The removal of carbohydrates from the phloem by aphids can reduce tree growth. The net effect of ant–aphid mutualism on tree growth is the difference between the direct loss caused by sap sucking and the indirect positive effect due to ants removing non-tended herbivores. The net effect of ant–aphid mutualism on tree growth is likely to be positive when the populations of leaf-defoliators are high, while ant predation on low populations does not compensate for the sap removal (e.g. Styrsky and Eubanks, 2007). Usually the growth of deciduous trees responds positively to wood ant–aphid mutualism (e.g. Whittaker and Warrington, 1985, Sipura, 2002), but not always (e.g. Dixon, 1971, Sipura, 2002). In contrast, wood ant–aphid mutualism has been shown to suppress the growth of Scots pine in several studies (Klimetzek and Wellenstein, 1978, Wellenstein, 1980, Rosengren and Sundström, 1991). Unlike deciduous trees, conifers have few defoliating insects, which seldom cause severe canopy damage and consequent growth reduction in Fennoscandia. Thus, the ant–aphid mutualism is likely to have a negative net effect on the growth of conifers.

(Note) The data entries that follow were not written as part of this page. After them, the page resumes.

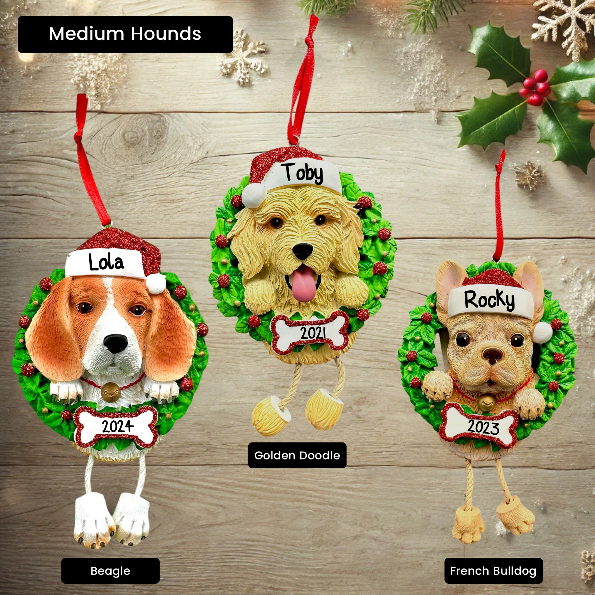 These unique dog breed baubles are crafted with β€οΈ and designed to bring holiday cheer π π to pet lovers. Each ornament can be customized with your π dogβs name and the ποΈ year on the bone 𦴠at the bottom, making it a memorable keepsake for years to come. ππΎ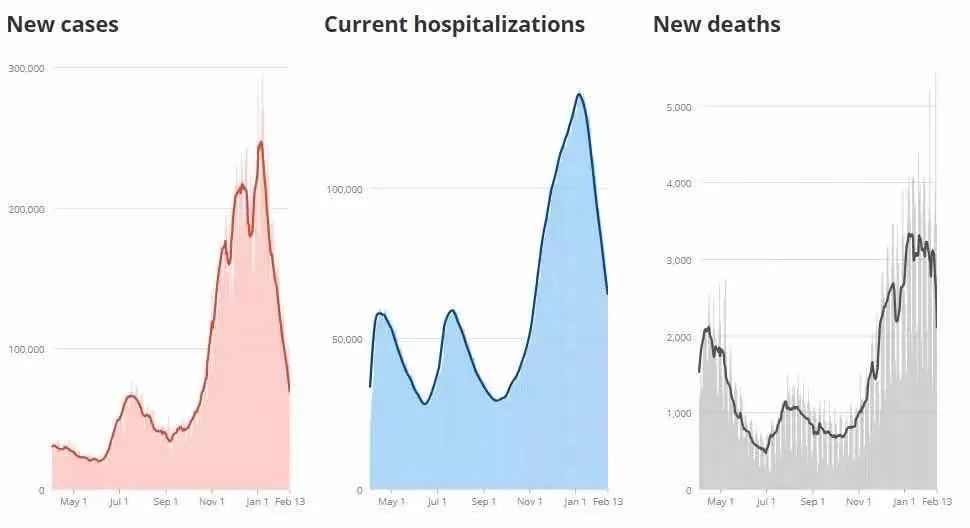 可见拜登政府强化口罩令和保持社交距离等防疫措施确实起了效果,当然疫苗也起了不可估量的作用。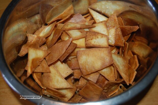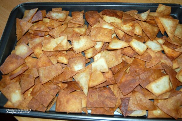 5. Preheat the oven to 350°. Lay the fried flour tortilla chips into a sheet pan.
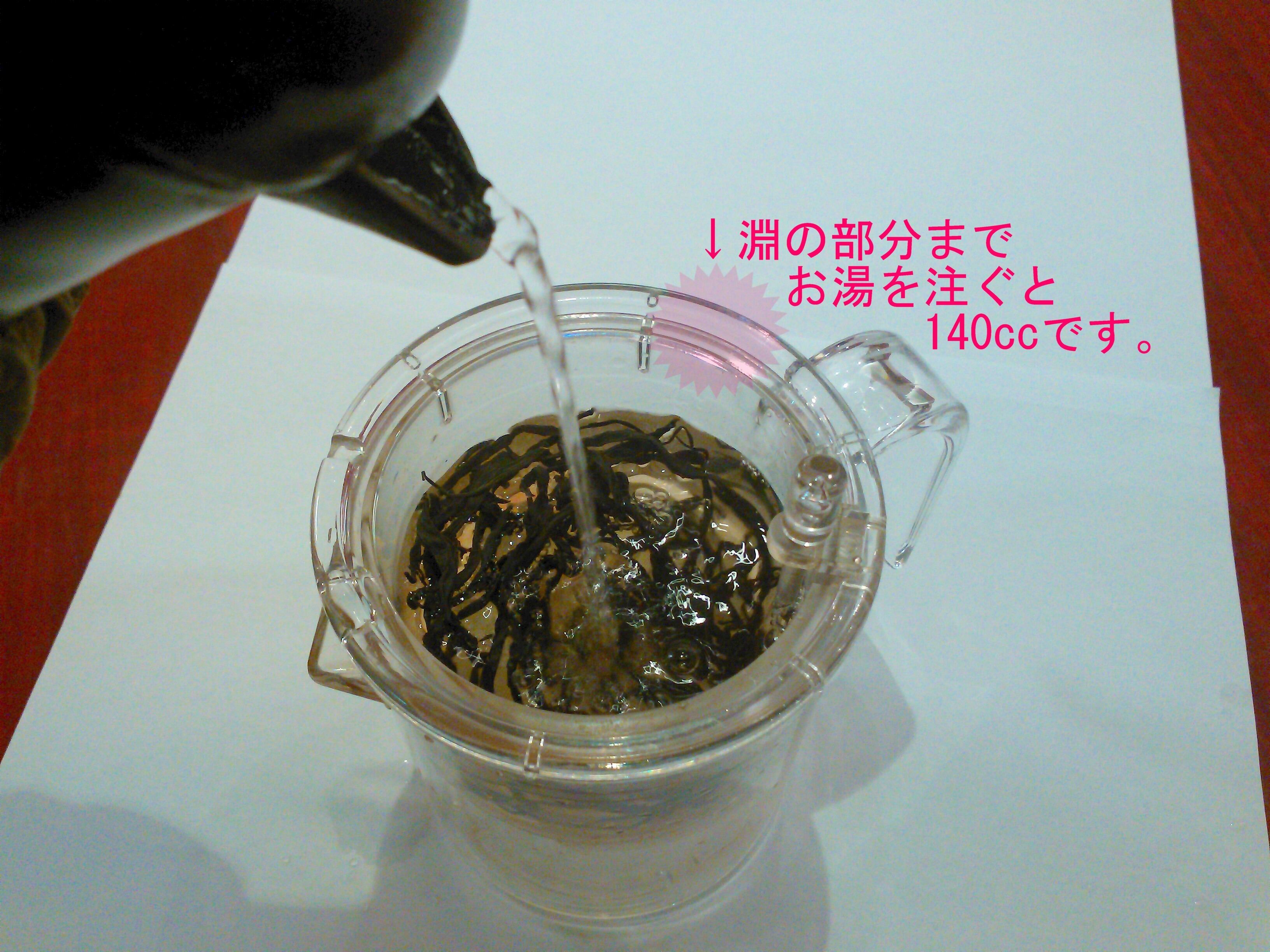 2.5g茶葉に140cc熱湯、5分間抽出がコンテストの標準です。コンテストでは専用のテイスティングカップが使われます。上部カップが140cc容量なので、このポットを使えば簡単にコンテスト気分が味わえます。

Many studies have shown that timber harvesting by clear-cutting is detrimental to wood ants by reducing food resources, disrupting orientation, and changing micro-climate. However, wood ant populations recover or re-colonize as a new forest stand develops (Punttila et al., 1991, Punttila, 1996, Sorvari and Hakkarainen, 2007, Kilpeläinen et al., 2008). Thus, the impact of wood ants on tree and stand growth may vary with stand age. Here we studied for the first time the effect of wood ant–aphid mutualism on Norway spruce by measuring growth on both the tree and the ecosystem level, in forest stands of different age (cf. Laakso and Setälä, 2000, Frouz et al., 2008), and by experimentally manipulating the wood ant–aphid mutualism (Styrsky and Eubanks, 2007). We base our main conclusions on the results of this experiment but also present correlative results for comparison with earlier studies. Therefore, the objective of our study was to assess the effect of mutualism between wood ants (Formica rufa group) and aphids (Cinara spp.) on the growth of Norway spruce in stands of different ages.